Testing calibration is not a fix

After Nate Silver sort-of failed to predict Trump’s Presidential win, he checked to see whether his predictions are well-calibrated. Turns out, he is. When he predicts an event has a 70% chance of occurring (rounded to the nearest 5%), 71% of the time, it does.

If an unscrupulous forecasting firm wanted to hack this, could they?

Let’s say they have a batch of 100 questions. 99 are easy questions—so unlikely that on each of them, the superforecasters predict the event has a 1% chance of occurring. One, though, is a hard question, with a 50% chance, a coin flip.

All they have to do is predict that the hard question also has a 1% chance of occurring. Without the hard question, they might have gotten 1-2 questions wrong, maybe even 3. With the hard question, they now have a 50% chance of getting one more question wrong. Even with some bad luck, when they predict a 1% chance of an event occurring, it actually occurs 4% of the time. And doesn’t that still look pretty darn good?

Why this matters

First, it suggests to me that if the superforecasting system can be hacked in this way, then we’re back to square one. We are trusting an accuracy assessment of experts that is manipulable. It might be more difficult to manipulate than that of the pundits who never really forecast anything. But at least with the pundits, we know to be suspicious.

The superforecasters still have an aura of Truth about them. It can get to the point where if we find that our analysis disagrees with the superforecasters, we are inclined to doubt ourselves almost automatically, with a similar sort of fundamentalism that we might subscribe to the efficient market hypothesis.

The advantage we amateurs have is that we’re likely to pick questions with high uncertainty and high importance.
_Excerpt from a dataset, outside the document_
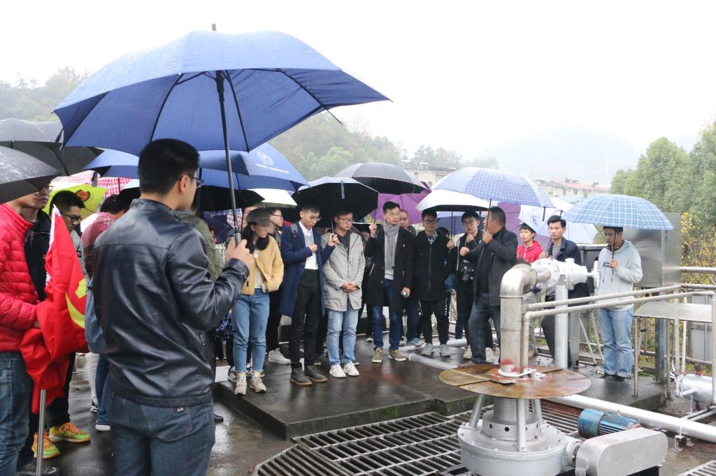 五十分钟的考察结束后,学员们来到秭归县污水处理厂,范雁冰厂长带领大家参观了粗细格栅,沉沙池,氧化沟,生物反应池,排水口,网络监控室等各个单元,为大家详细讲解了污水处理的工艺流程。范雁冰指出,秭归县污水处理厂与秭归县搬迁工程同步设计施工,建成后年处理生活污水800多万吨,在保护长江水源,落实绿色发展方面发挥着重要作用。

Why would I bother looking around for questions I can easily guess the answer to, unless I was trying to impress other people with my clairvoyance?
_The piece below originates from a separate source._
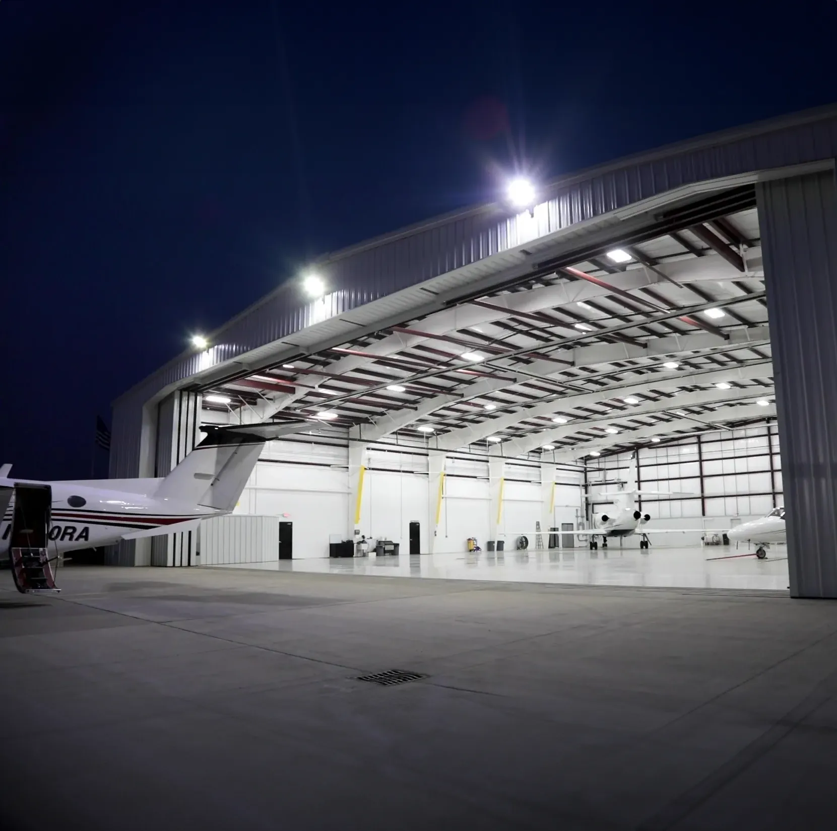 Wide-span steel buildings designed to store and protect aircraft with large door openings and weather-resistant durability.

I don’t think a good strategy is to accuse other people of using this strategy to artificially inflate their accuracy score. But it’s hard for me to imagine this isn’t already happening as the superforecasting meme spreads.
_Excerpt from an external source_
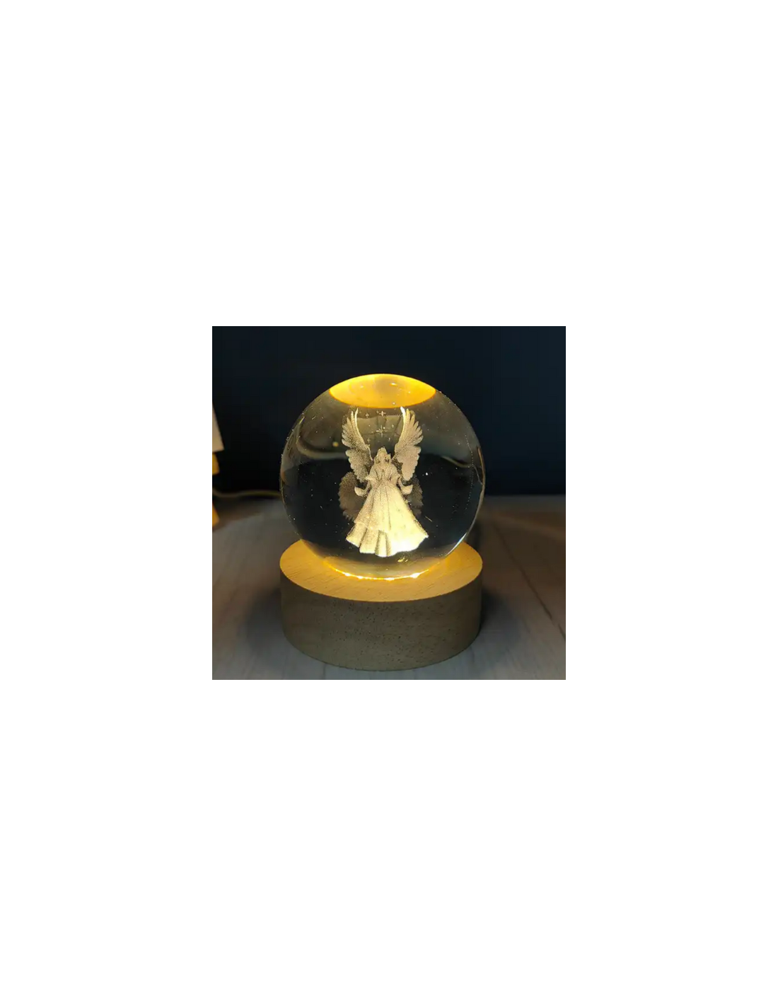 La lampada presenta una base in legno pregiato che dona un tocco caldo e accogliente. La sua sfera di vetro, con un diametro di 6 cm, raffigura delicatamente un angelo, simbolo di protezione e benevolenza celestiale. La luce soffusa emessa dalla lampada a LED crea un'atmosfera tranquilla e serena, trasmettendo un senso di pace e armonia.

I’m not sure I have a well-drawn-out way to deal with this, but here are the sketches.

If someone posts a list of their predictions, you choose the ones from their list that you personally feel the most uncertain about. Make a public, dated statement that those are your uncertainties. When the questions are resolved, calibrate their accuracy based only on the questions that you had genuine uncertainty about.

A better way, of course, would be to submit that question to a formal forecasting tournament, and see whether the median prediction was closer to 1% or 99% (highly unlikely/likely), or closer to 50% (highly uncertain). But that’s not typically tractable.

Betting is also an OK strategy, but the failure mode there is that if you can make up your own questions, then find an idiot to bet with, you can accomplish the same thing. It only really works if an outsider would respect both people involved. I do respect Warren Buffett’s bet with Protégé Partners LLC about the relative long-term performance of an index fund vs. a hedge fund, because it was high-profile, with not just financial but reputational stakes for both involved.

I do plan, personally, on being on watch against people putting on airs because of the sheer number of correct predictions they’ve made. Based on this, I’m downgrading my heuristic for interpreting superforecaster predictions to “soft evidence” unless I can see their models and evidence, or can find some other way to evaluate whether the overall system they’re participating is really being run with integrity.

In the end, it’s a choice between believing the reason and evidence you can personally evaluate, and accepting a consulting firm’s analysis because of what the CEO tells you about how they run the company. If you’re in a long-term relationship with the consultants, maybe you can get a sense of whether they’re steering you right over the long run. But when superforecasters predicted a 3% chance of 200,000 Coronavirus cases by mid-March, maybe it’s time to downgrade our confidence in superforecasters, rather than in ourselves.